Contact tracing studies from earlier in the pandemic have found that it’s less common for transmission to occur when exposed to a person 6 days after their symptom onset.
It’s still possible for people to transmit the virus to others after 5 days of symptoms, which is why health officials are advising people who recently recovered from their illness to continue wearing a mask for another 5 days when they’re around other people.
One study published in the International Journal of Infectious Diseases found that about one-third of people with the infection continues to be contagious after 5 days.
But it’s unclear if this remains true with the latest Omicron variants.
A study from Japan found that people with the Omicron variant shed the virus for longer after symptoms appear.
The study suggests that the peak of viral shedding with the Omicron variant may be 2 or 3 days longer than previous variants.
Do certain symptoms suggest we’re contagious?
Dr.

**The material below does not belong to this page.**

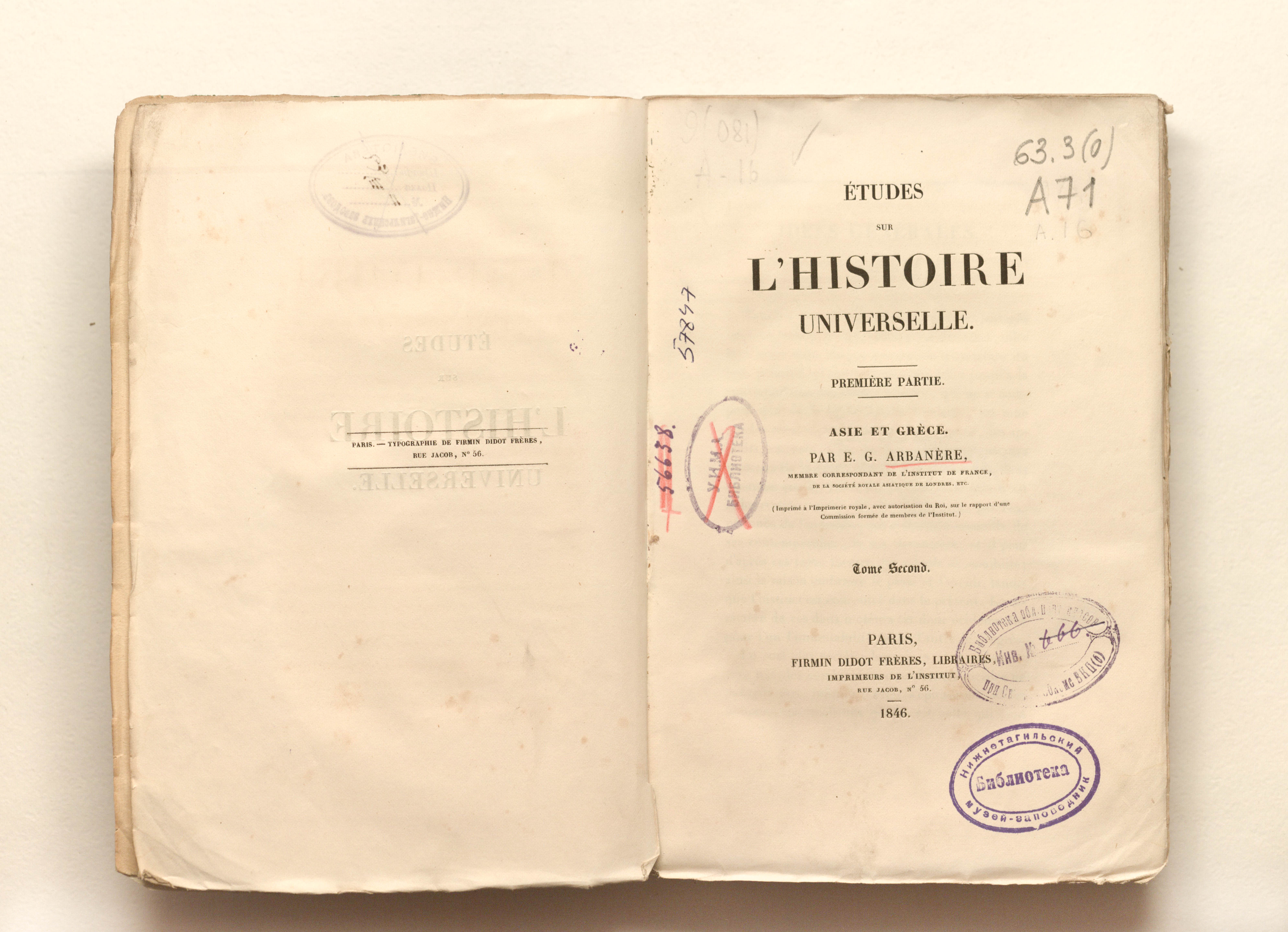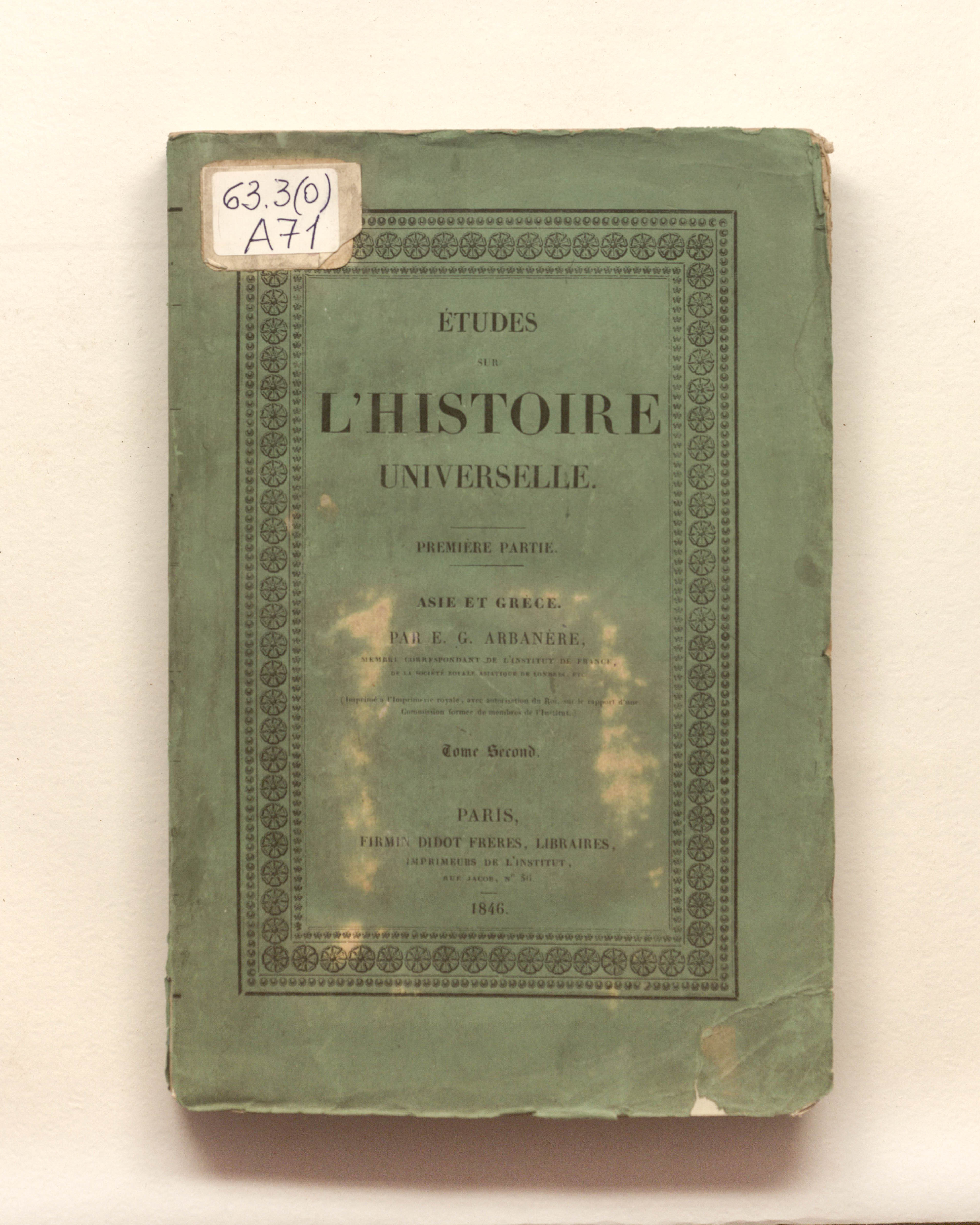 Arbanere, Etienne-Gabriel. Etudes sur l'histoire universelle. Premiere partie. Asie et Grece. Par E.G. Arbanere. Tome second. - Paris : Firmin-Didot freres, 1846. - VIII, 477, [1] p. ; 23x15 cm.

Julie Parsonnet, an infectious diseases epidemiologist with Stanford Medicine in California, says there doesn’t appear to be a strong relationship between a person’s symptoms and how much virus is in their nose and throat.
But in general, people who’ve tested positive and are symptomatic are more at risk of transmitting and should isolate at home to avoid transmitting the virus to others.
“People whose symptoms are not improving — particularly if they have coughing and sneezing — should continue to stay home until they’re feeling better,” Parsonnet said.
If someone carrying the virus is coughing or sneezing, there’s a greater chance they can spread the virus to others since they’re releasing respiratory droplets that carry the virus.
Researchers are still studying if and how symptoms correlate to how contagious a person is.
“We don’t exactly how symptom duration relates to how long someone is contagious, but we do typically associate symptoms like a fever as an indication that someone is still infectious,” said Dr. John Carlo, the CEO of Prism Health North Texas and member of the Texas Medical Association COVID-19 Task Force.
Research has also shown that people with asymptomatic infections, although less likely than symptomatic individuals to spread the infection, can transmit it to others.
Parsonnet says it’s difficult to quantify how long asymptomatic individuals are contagious because it’s hard to identify when and how long they’ve been infected.
“Asymptomatic transmission might prove to be more common with the Omicron variant given its higher infectivity, but too early to draw this conclusion now,” Bailey said.
Can you determine if you’re still contagious?
There’s no reliable or easy way to determine if you’re still contagious, which is why health officials recommend isolating at home for 5 to 10 days, depending on your symptoms.
Those who are asymptomatic or improving after 5 days are now advised they can end their isolation but continue wearing a mask around other people for another 5 days.
According to guidance from the Centers for Disease Control and Prevention (CDC), those who aren’t improving after 5 days should continue isolating at home until their symptoms improve and fever subsides.
Most infectious diseases doctors do not recommend taking a PCR test to determine if you’re still shedding the virus.
PCR tests are sensitive and can detect non-infectious viruses after infection for up to 90 days.
Many doctors recommend using rapid antigen tests as they pick up on high viral load, which may or may not correlate to how infectious a person is.
“It’s important to remember that COVID-19 tests currently available are not really designed to tell whether or not someone is infectious. They are designed to test whether or not someone has a COVID-19 infection which is slightly different,” Carlo said.